Dublińskiego taksówkarza oskarżono o zgwałcenie młodej kobiety na tylnym siedzeniu jego samochodu.
Mężczyzna po czterdziestce, którego nazwiska nie można podać ze względu na zarzuty, przed którymi stoi, stanął przed Sądem Okręgowym w Dublinie.
Zgodnie z instrukcjami dyrektora prokuratury, Garda oskarżyła go o zgwałcenie pasażerki, która miała około dwudziestu lat, we wczesnych godzinach rannych 9 sierpnia.
Zatrzymano go w areszcie lecz wyrażono zgodę na kaucję w wysokości 2500 euro z szeregiem surowych warunków, w tym zrzeczeniem się licencji PSV.
Wróci przed sąd w przyszłym tygodniu.
Detektyw powiedział sędzi, że aresztował oskarżonego zeszłej nocy, zabrał go na posterunek policji w Balbriggan i postawił mu zarzuty.
Sąd usłyszał, że mężczyzna nie odpowiedział na zarzuty, ale wcześniej twierdził, że uprawiał z kobietą stosunek seksualny za jej zgodą.
Sprzeciwiając się zwolnieniu za kaucją, detektyw odniósł się do powagi sprawy i obawy, że oskarżony może ingerować w domniemaną ofiarę.
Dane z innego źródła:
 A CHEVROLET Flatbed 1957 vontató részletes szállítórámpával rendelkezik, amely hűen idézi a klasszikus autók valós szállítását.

Detektyw powiedział na zakwestionowanej rozprawie o zwolnienie za kaucją, że oskarżony zabrał poszkodowaną w centrum Dublina około godziny 4 rano, aby zawieżć ją do domu.
Istnieją dowody z telewizji przemysłowej, a później widziano go, jak jeździł bez celu w północnym hrabstwie Dublin przez około 13 minut.
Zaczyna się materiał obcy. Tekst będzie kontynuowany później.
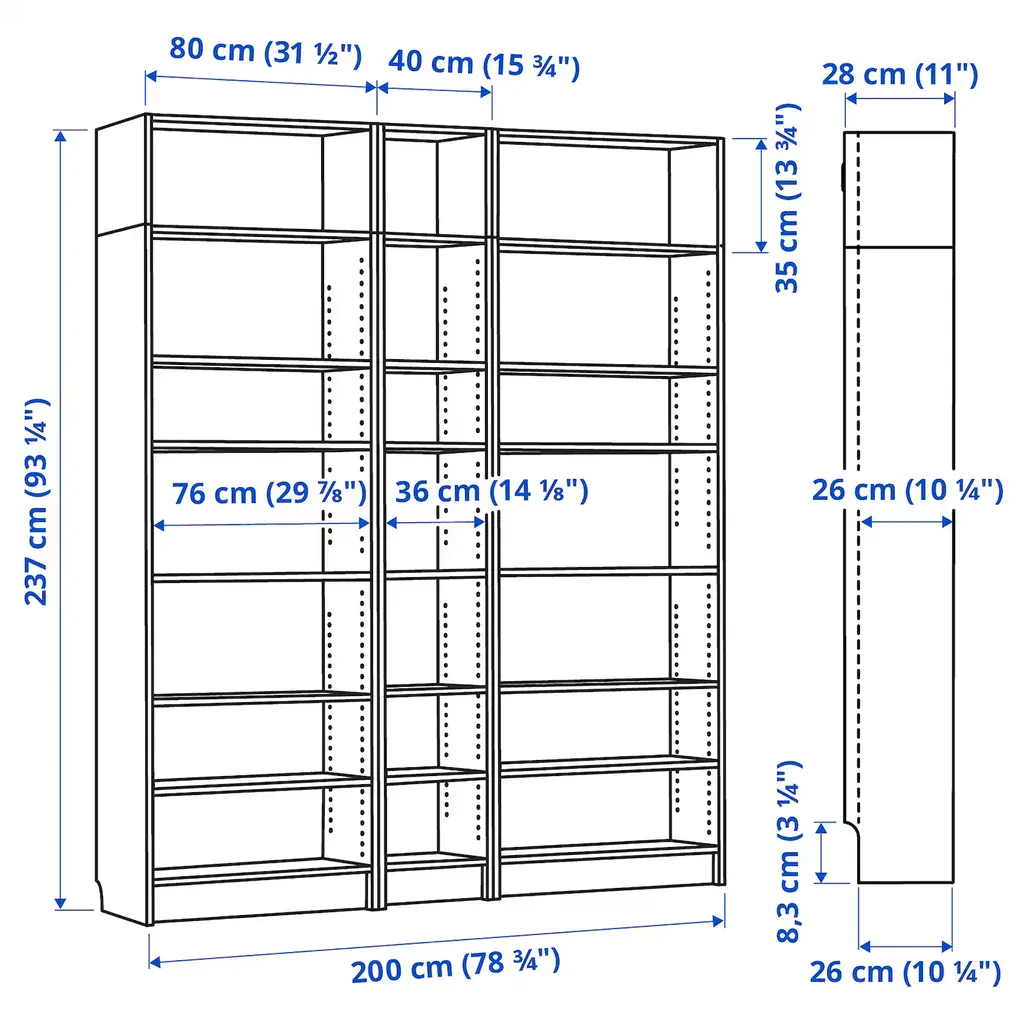 BILLY Bookcase comb w extension units - dark brown oak effect 78 3/4x11x93 1/4 ". BILLY is a versatile bookcase that works just as good as a storage unit and is suitable to use in many different ways at home. This bookcase has a height extension unit, allowing you to make the most of the wall area.

Podobno zatrzymał się, wsiadł na tylne siedzenie i zgwałcił młodą kobietę.
Następnie odwiózł ją do domu po użyciu nawigacji telefonu do zlokalizowania domu.
Detektyw obawiał się, że mężczyzna będzie ingerował w domniemaną poszkodowaną.
Przepytywany przez adwokatkę, detektyw zgodził się, że jej klient stanie przed sądem w Centralnym Sądzie Karnym i będzie musiał czekać dwa lub trzy lata na proces.
Adwokatka argumentowała, że sąd może nałożyć kaucję na surowych warunkach. Poprosiła sąd o zlekceważenie spekulacji, że jej klient będzie ingerował w świadków.
Sędzia Cronin odnotowała zeznania, przesłuchania i argumenty obrony i powiedziała, że oskarżony został postawiony w obliczu niezwykle poważnego zarzutu z potencjalną karą dożywocia.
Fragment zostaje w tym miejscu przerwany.